Isotarp

Isotarp is a tool to help Rust developers identify which tests provide unique code coverage.

Motivation

When writing tests to improve code coverage, it's valuable to know:

1. Which lines of code are covered by each test
2. Which tests provide unique coverage (covering lines that no other test covers)
3. Which tests might be redundant from a coverage perspective

Cargo-tarpaulin is excellent for measuring overall coverage, but doesn't provide this test-specific information.

Isotarp fills this gap, by doing the slightly awkward dance of enumerating all the tests, running cargo tarpaulin for each of them, filtering the results so as to not produce tons of JSON in the process.

Installation

Ensure you have cargo-tarpaulin installed first:

cargo install cargo-tarpaulin

Then install Isotarp:

cargo install isotarp

You can use cargo binstall for both if you prefer.

Usage

List all tests in a package

isotarp list -p your_package_name

Analyze test coverage

Run analysis on all tests in a package:

isotarp analyze -p your_package_name

Or analyze specific tests:

isotarp analyze -p your_package_name -t test_name1 -t test_name2

You can customize output locations:

isotarp analyze -p your_package_name -o ./coverage -r coverage-report.json

Target Directory Modes

Isotarp offers two modes for managing target directories during test execution:

# Default mode: creates separate target directories for each test (faster, more disk space)
isotarp analyze -p your_package_name --target-mode per

# Memory-efficient mode: reuses a single target directory (slower, less disk space)
isotarp analyze -p your_package_name --target-mode one

The --target-mode option accepts two values:

• per (default): Creates a separate target directory for each test, allowing parallel execution for faster results but requiring more disk space.
• one: Reuses a single target directory across tests sequentially, significantly reducing disk usage at the cost of some execution speed.

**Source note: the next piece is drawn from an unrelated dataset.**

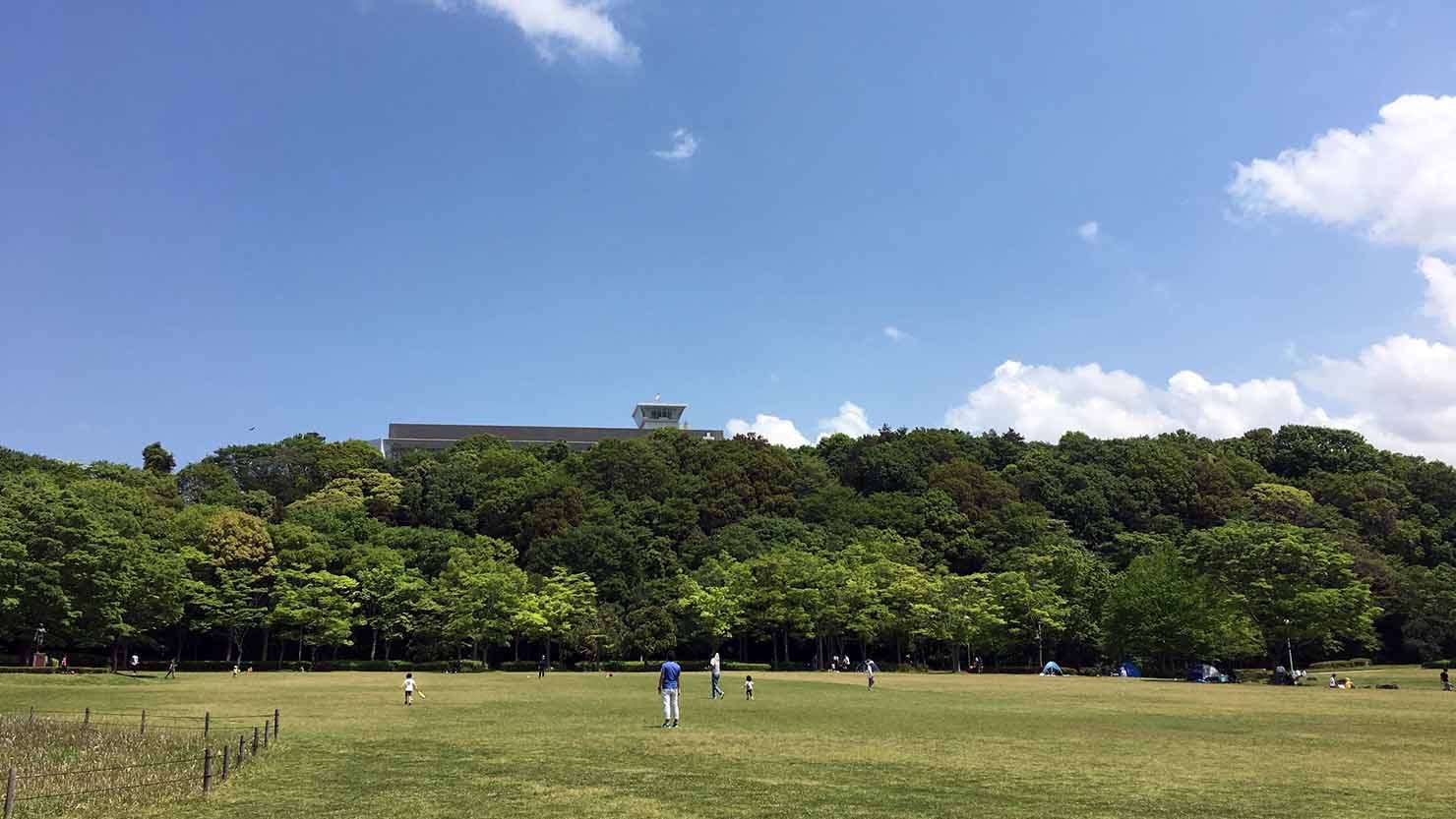 松戸市にある21世紀の森と広場。公園内を小川が流れているので、夏は川遊びもできます。広い芝生ゾーンもあるため、ボール遊びなども思いっきりできます。テントを張って1日中過ごす家庭も多いですね。

For large projects where target directories can grow to multiple GB, the one mode can reduce peak disk usage by 80-90% while only increasing execution time by about 50%.

How It Works

Isotarp runs each test individually through cargo-tarpaulin to generate coverage data, then:

1. Collects which lines are covered by each test
2. Identifies lines uniquely covered by a specific test
3. Generates a comprehensive report showing which tests provide unique coverage

Target Mode Implementation Details

• Per Mode: Creates individual copies of the target directory for each test, allowing parallel execution.
• One Mode: Uses a pipelined approach where:
  • A single target directory location is reused for all tests
  • The next test's directory is prepared in the background while the current test runs
  • Tests execute sequentially to avoid conflicts while minimizing wait time

Output Format

The analysis produces a JSON file with detailed information about each test:

• Total lines covered
• Uniquely covered lines
• Files touched
• Line numbers for each uniquely covered line

Example Output

Command-line summary:

Tests ranked by unique line coverage:
  integration::parsing::test_complex_case: 42 unique lines (58.3% of 72 total covered lines)
  integration::errors::test_invalid_input: 18 unique lines (45.0% of 40 total covered lines)
  unit::helpers::test_normalization: 5 unique lines (10.2% of 49 total covered lines)

Tests with NO unique coverage:
  unit::helpers::test_validation

Performance Considerations

Choose the appropriate target mode based on your environment:

• Use --target-mode per (default) when:

  • You have plenty of disk space
  • You want the fastest possible execution
  • You're running on a system with multiple cores

• Use --target-mode one when:

  • Disk space is limited
  • Your project has a large target directory
  • You're willing to trade some speed for reduced disk usage

In testing, for a project with 6 tests generating 3GB peak disk usage in the default mode, switching to --target-mode one reduced peak usage to 0.5-0.7GB while increasing execution time by approximately 50%.

License

This project is licensed under either of:

• Apache License, Version 2.0, (LICENSE-APACHE or http://www.apache.org/licenses/LICENSE-2.0)
• MIT license (LICENSE-MIT or http://opensource.org/licenses/MIT)

at your option.